It’s official! We are now in the Department of Mathematics, Statistics, and Computer Science!
The department’s name has been Mathematics since the math major was approved in 1903-04. As you may know, the Mathematics Program has a strong national reputation, and is known for its unusually large number of majors (about 60 math majors graduate per year), the high proportion of undergraduate math majors who go on to earn a Ph.D. (tops among small colleges and eleventh among all institutions during the 1990s), as well as its ability to draw students who don’t fit the stereotypes of a mathematics major (you don’t have to be a nerd to major in math here).

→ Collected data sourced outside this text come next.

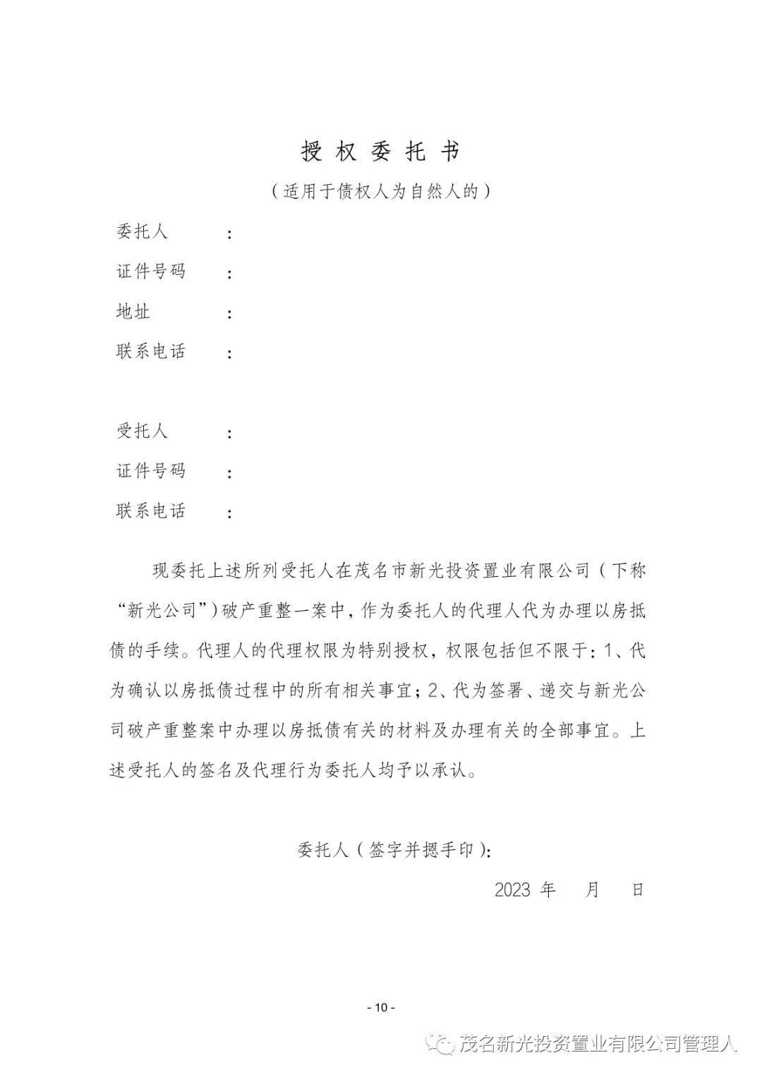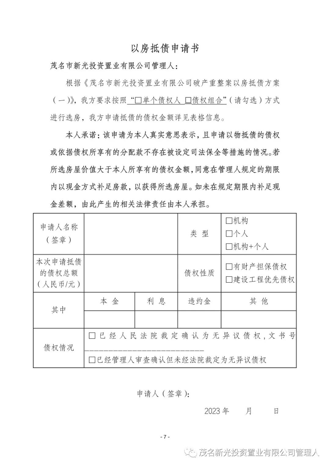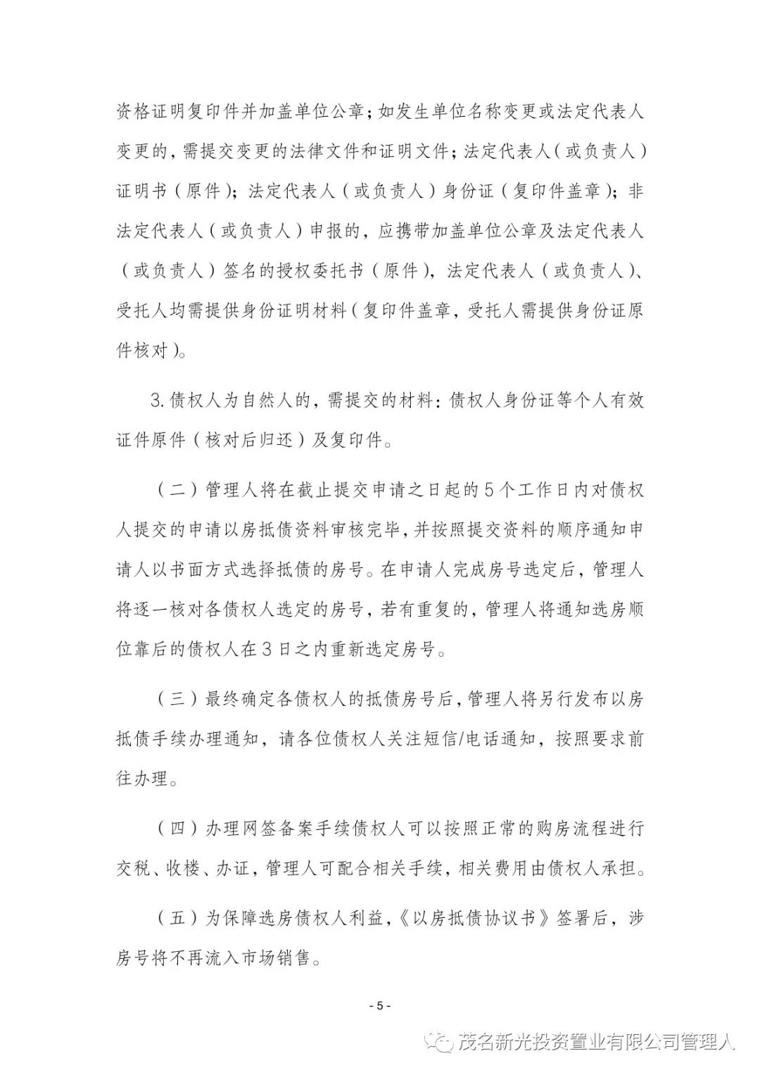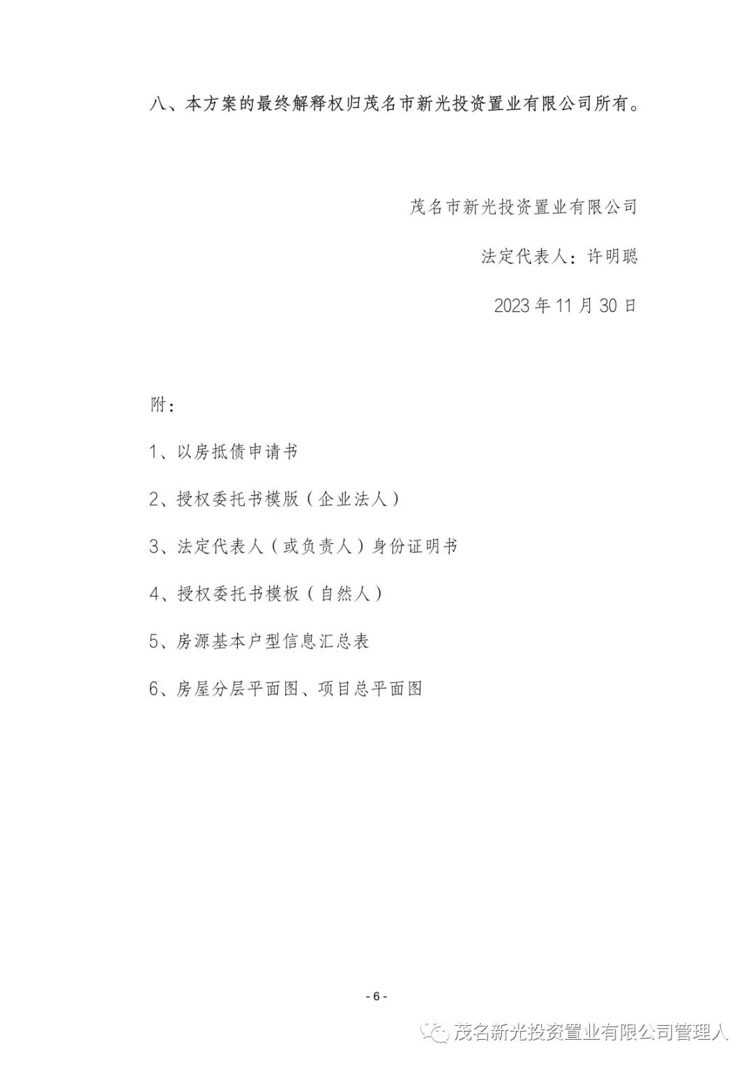关于茂名市新光投资置业有限公司(下称“新光公司”)破产重整一案,新光公司于2023年11月30日根据《茂名市新光投资置业有限公司重整计划》之有关规定,向管理人提交了《茂名市新光投资置业有限公司以房抵债的实施方案(一)》(下称“《以房抵债的实施方案(一)》”)。现管理人对《以房抵债的实施方案(一)》(附件)予以公示。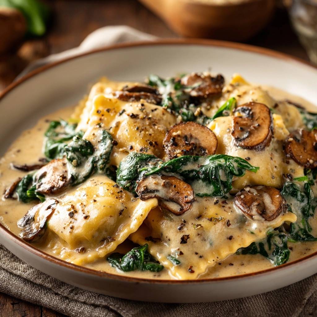 Cremige Ravioli mit Pilzen und Spinat (Keine wässrige Soße mehr)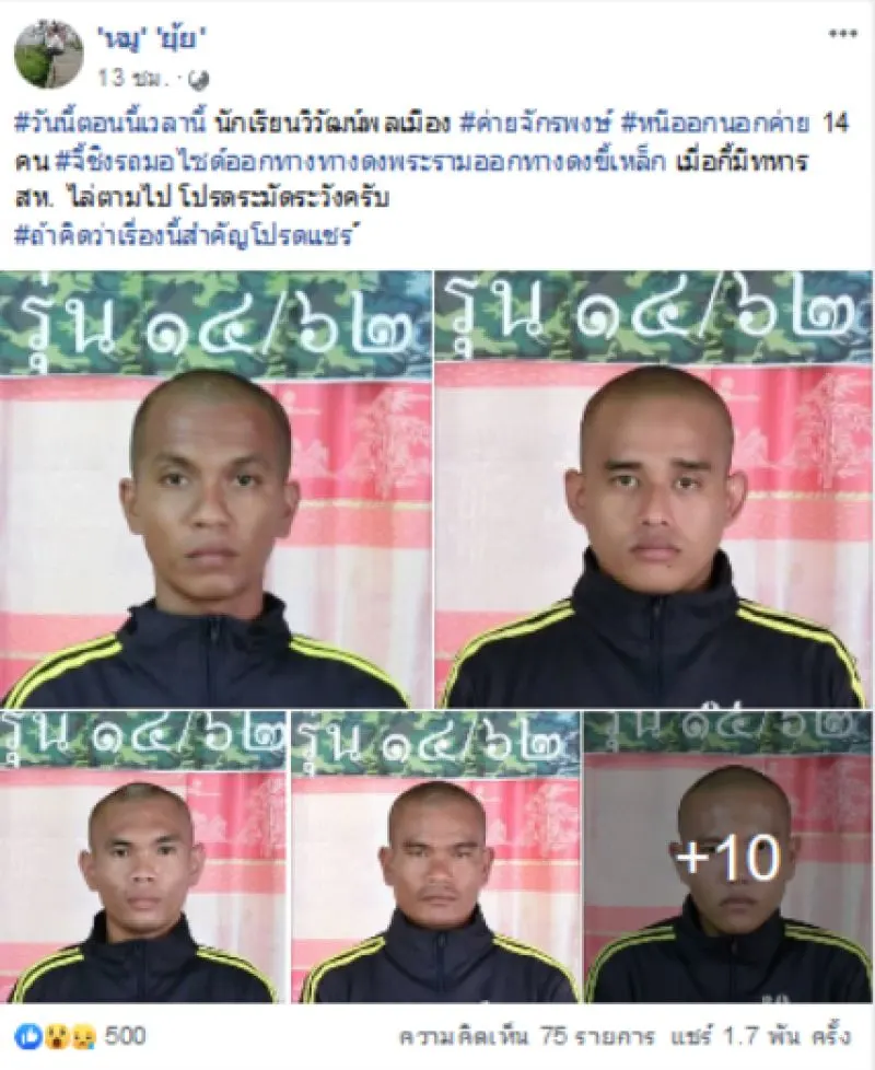 ทั้งนี้หลังจากโพสต์ดังกล่าวถูกเผยแพร่ออกไป ก็มีชาวเน็ตแห่เข้ามาคอมเมนท์กันเป็นจำนวนมาก พร้อมกับมีรายงานความคืบหน้าว่าขณะนี้จับตัวได้แล้ว 2 คน ที่เหลืออีก 12 คนยังหลบหนี หากใครพบเบาะแสโปรดแจ้งด่วน.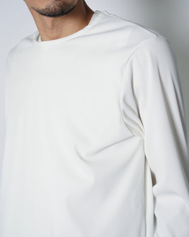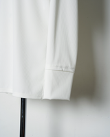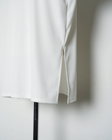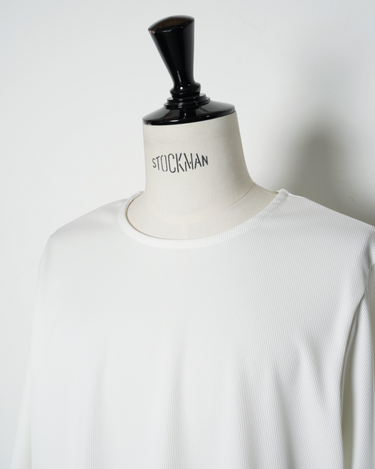 This new material has a shape-stabilizing and kickback performance comparable to the Aqua Rib, a standard fabric for the SS season, but is also created with a thinner ridge and a high density setting.
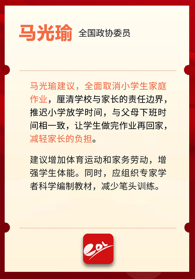 对此,马光瑜建议,全面取消小学生家庭作业,厘清学校与家长的责任边界,推迟小学放学时间,与父母下班时间相一致,让学生做完作业再回家,减轻家长的负担。同时增加体育运动和家务劳动,增强学生体能。此外,应组织专家学者科学编制教材,减少笔头训练。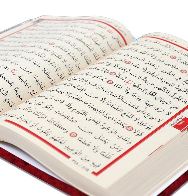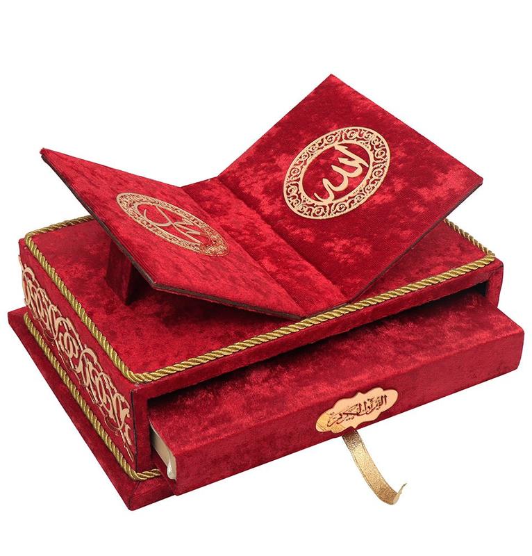 This Keepsake Quran make a unique gift! The top of the velvet-covered box opens up to become a rahle (Quran holder). Quran is stored within the box and slides out when you pull on the ribbon.

But Mathematics, Statistics, and CS are three different academic disciplines. When the programs in Statistics and CS began in the mid-1970s, their connections with mathematical thinking and mathematics professors made the Department of Mathematics a natural home for them. But nobody can consider Statistics or CS as sub-disciplines of Mathematics nowadays: Statistics seeks to learn from data, drawing motivation from interdisciplinary applications, and relying on experimental design and computation as well as Mathematics; and anyone familiar with the nature of CS knows that theory is only one aspect of CS, along with design and abstraction. Both Statistics and CS emerged with more and more distinct disciplinary identities at the undergraduate level throughout the last half of the 20th century.
This change in our department name recognizes evolutionary changes that have already taken place among our three programs, Mathematics, Statistics, and CS. But we remain the same department, still committed to serving all students interested in any of our three disciplines, whether as a major/concentration or just for a course or two.